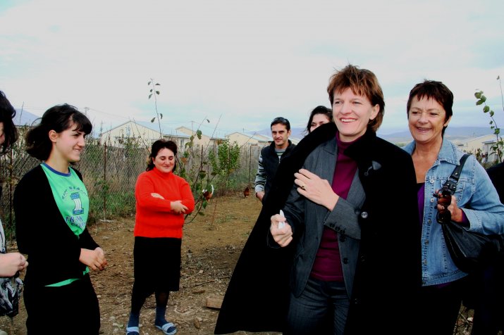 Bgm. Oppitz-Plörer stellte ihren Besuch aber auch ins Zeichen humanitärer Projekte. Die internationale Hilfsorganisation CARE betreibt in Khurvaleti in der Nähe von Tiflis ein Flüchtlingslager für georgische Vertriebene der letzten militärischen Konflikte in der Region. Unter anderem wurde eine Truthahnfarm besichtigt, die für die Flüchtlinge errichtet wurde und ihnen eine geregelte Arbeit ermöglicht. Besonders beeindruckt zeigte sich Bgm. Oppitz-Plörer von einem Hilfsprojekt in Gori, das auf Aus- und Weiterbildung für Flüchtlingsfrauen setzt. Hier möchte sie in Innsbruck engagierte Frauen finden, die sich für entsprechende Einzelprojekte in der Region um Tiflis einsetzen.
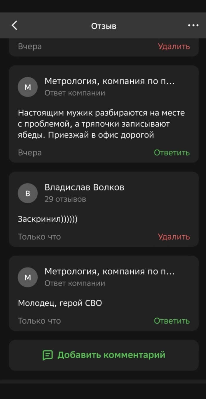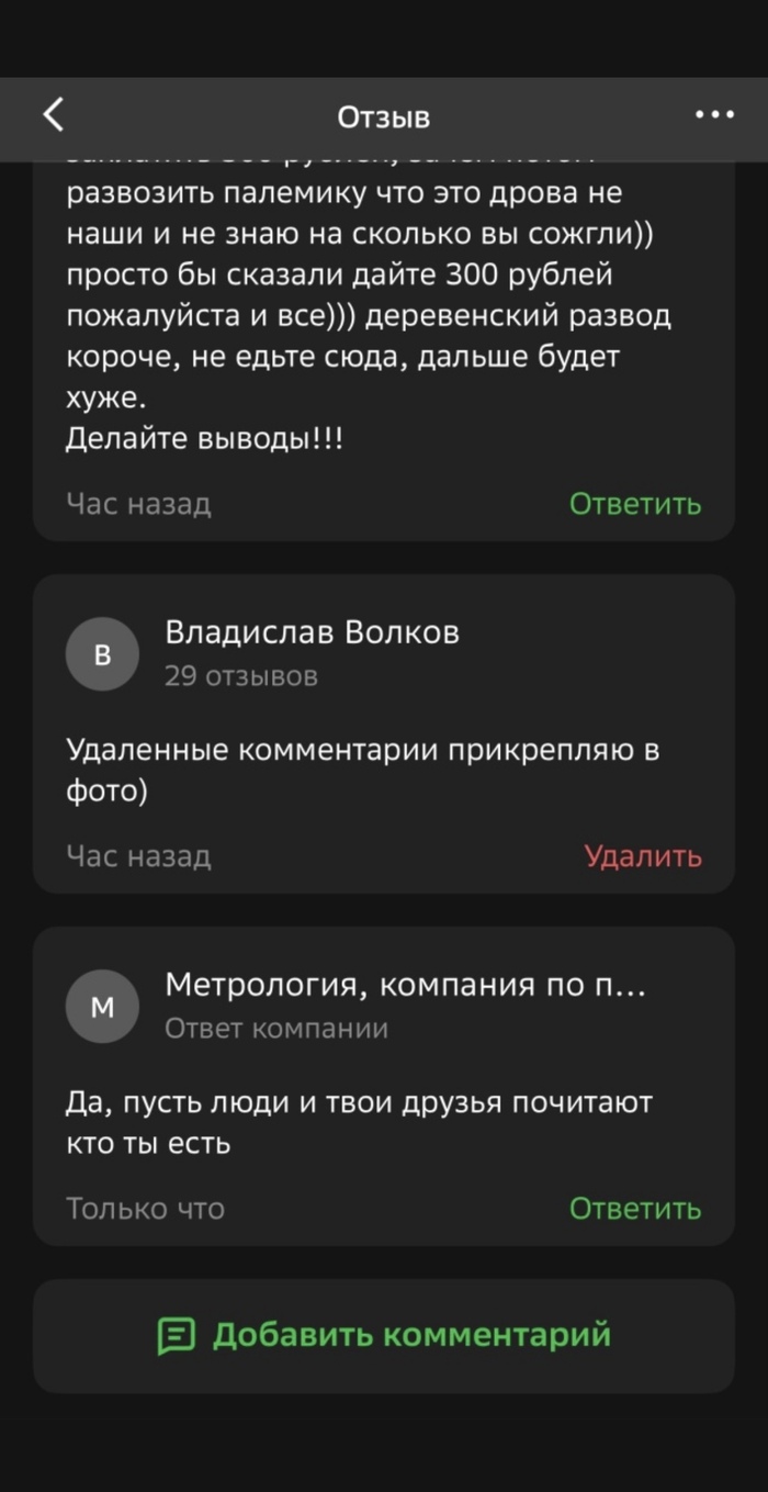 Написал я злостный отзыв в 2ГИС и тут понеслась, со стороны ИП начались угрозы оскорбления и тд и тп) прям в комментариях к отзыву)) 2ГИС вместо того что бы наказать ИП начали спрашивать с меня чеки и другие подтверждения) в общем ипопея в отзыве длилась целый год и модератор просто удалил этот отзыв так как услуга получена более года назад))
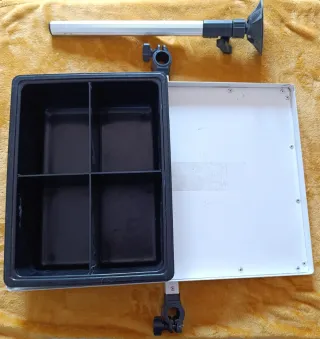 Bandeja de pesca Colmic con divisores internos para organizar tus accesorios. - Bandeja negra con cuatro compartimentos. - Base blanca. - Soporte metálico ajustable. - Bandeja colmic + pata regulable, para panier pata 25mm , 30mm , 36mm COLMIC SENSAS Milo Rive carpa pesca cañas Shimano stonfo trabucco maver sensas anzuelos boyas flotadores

- WHAT YOU SHOULD DO:
Give back the full listing exactly as written, only without its pictures.

- RESULT OF THIS EXERCISE:
 Bgm. Oppitz-Plörer stellte ihren Besuch aber auch ins Zeichen humanitärer Projekte. Die internationale Hilfsorganisation CARE betreibt in Khurvaleti in der Nähe von Tiflis ein Flüchtlingslager für georgische Vertriebene der letzten militärischen Konflikte in der Region. Unter anderem wurde eine Truthahnfarm besichtigt, die für die Flüchtlinge errichtet wurde und ihnen eine geregelte Arbeit ermöglicht. Besonders beeindruckt zeigte sich Bgm. Oppitz-Plörer von einem Hilfsprojekt in Gori, das auf Aus- und Weiterbildung für Flüchtlingsfrauen setzt. Hier möchte sie in Innsbruck engagierte Frauen finden, die sich für entsprechende Einzelprojekte in der Region um Tiflis einsetzen.
 Написал я злостный отзыв в 2ГИС и тут понеслась, со стороны ИП начались угрозы оскорбления и тд и тп) прям в комментариях к отзыву)) 2ГИС вместо того что бы наказать ИП начали спрашивать с меня чеки и другие подтверждения) в общем ипопея в отзыве длилась целый год и модератор просто удалил этот отзыв так как услуга получена более года назад))
 Bandeja de pesca Colmic con divisores internos para organizar tus accesorios. - Bandeja negra con cuatro compartimentos. - Base blanca. - Soporte metálico ajustable. - Bandeja colmic + pata regulable, para panier pata 25mm , 30mm , 36mm COLMIC SENSAS Milo Rive carpa pesca cañas Shimano stonfo trabucco maver sensas anzuelos boyas flotadores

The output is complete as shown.